_Supplied material_.
=== Section Start ===
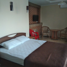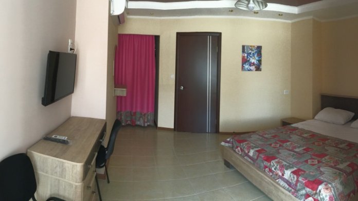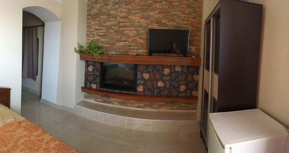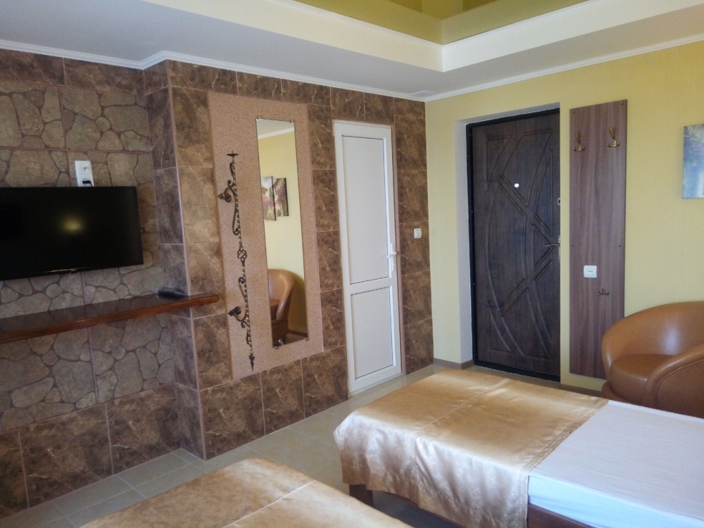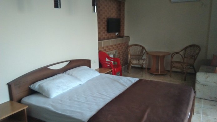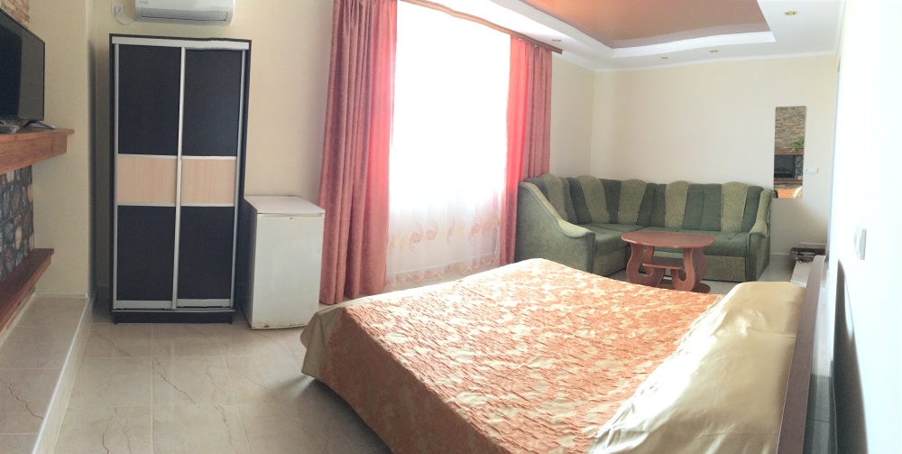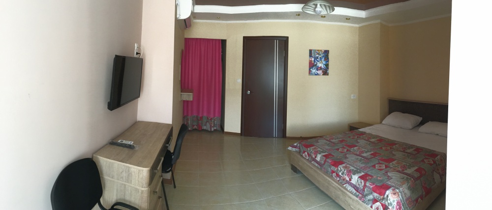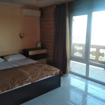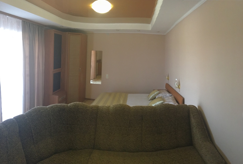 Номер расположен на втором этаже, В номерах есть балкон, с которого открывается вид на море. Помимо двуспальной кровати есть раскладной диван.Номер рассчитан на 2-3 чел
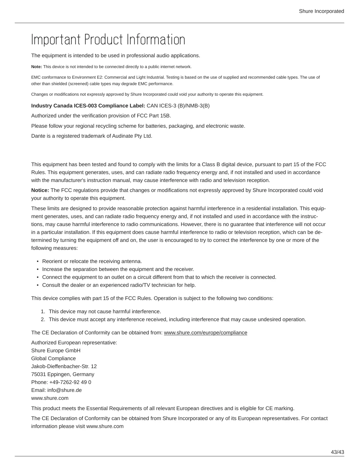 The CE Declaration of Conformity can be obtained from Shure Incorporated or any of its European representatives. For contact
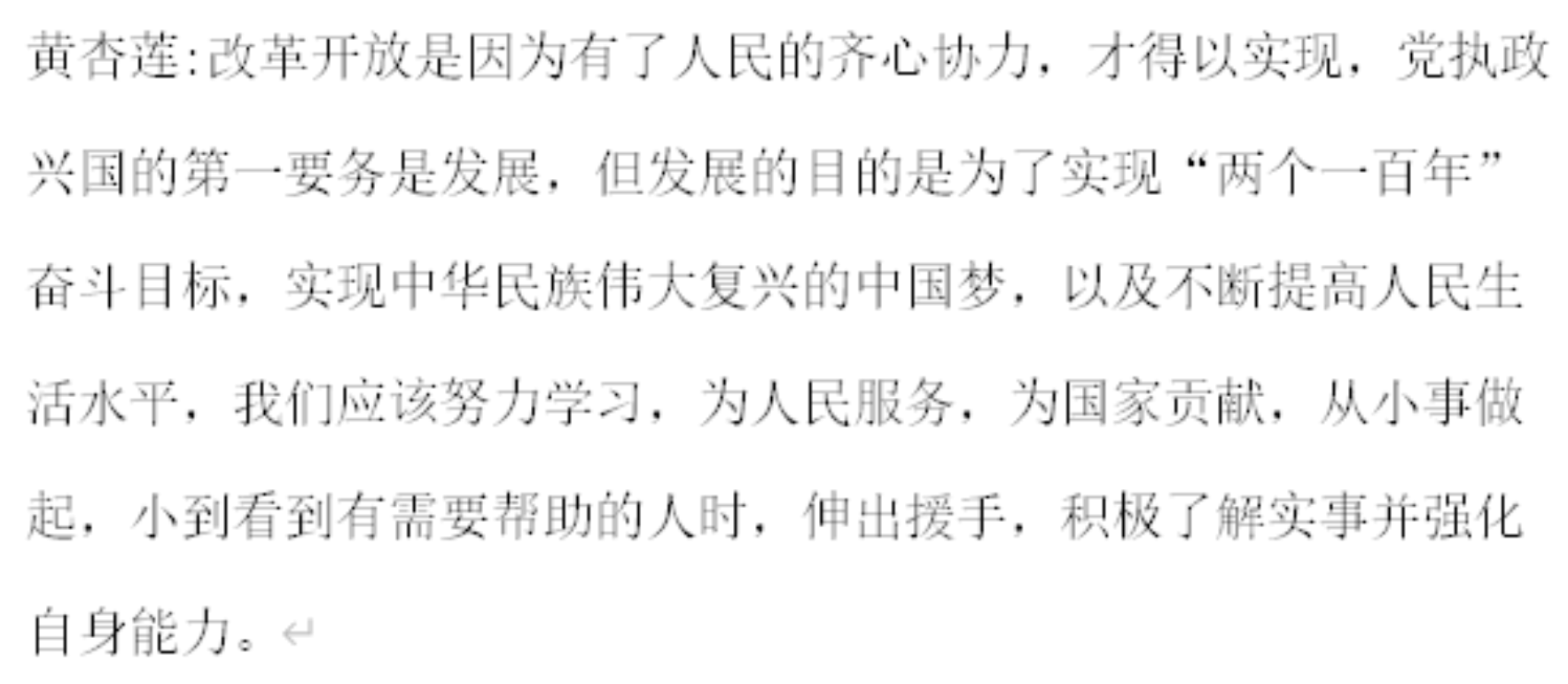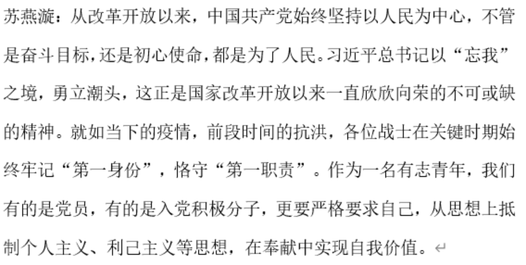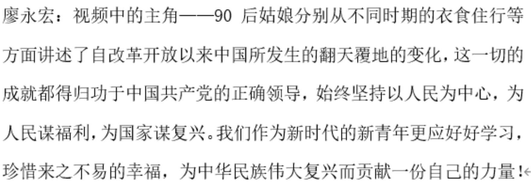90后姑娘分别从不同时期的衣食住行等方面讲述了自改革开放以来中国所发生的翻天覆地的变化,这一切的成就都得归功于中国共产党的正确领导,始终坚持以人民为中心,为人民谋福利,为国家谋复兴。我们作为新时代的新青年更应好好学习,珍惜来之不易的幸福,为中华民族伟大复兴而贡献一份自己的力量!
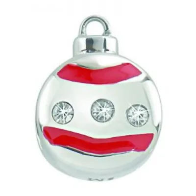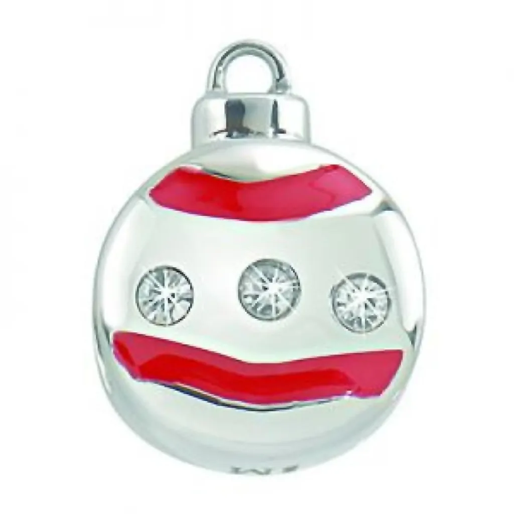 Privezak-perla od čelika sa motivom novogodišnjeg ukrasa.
=== Section End ===
_What you are asked to do_.
An exact copy of the material above is required, minus its images.

_Answer space_.
 Номер расположен на втором этаже, В номерах есть балкон, с которого открывается вид на море. Помимо двуспальной кровати есть раскладной диван.Номер рассчитан на 2-3 чел
 The CE Declaration of Conformity can be obtained from Shure Incorporated or any of its European representatives. For contact
90后姑娘分别从不同时期的衣食住行等方面讲述了自改革开放以来中国所发生的翻天覆地的变化,这一切的成就都得归功于中国共产党的正确领导,始终坚持以人民为中心,为人民谋福利,为国家谋复兴。我们作为新时代的新青年更应好好学习,珍惜来之不易的幸福,为中华民族伟大复兴而贡献一份自己的力量!
 Privezak-perla od čelika sa motivom novogodišnjeg ukrasa.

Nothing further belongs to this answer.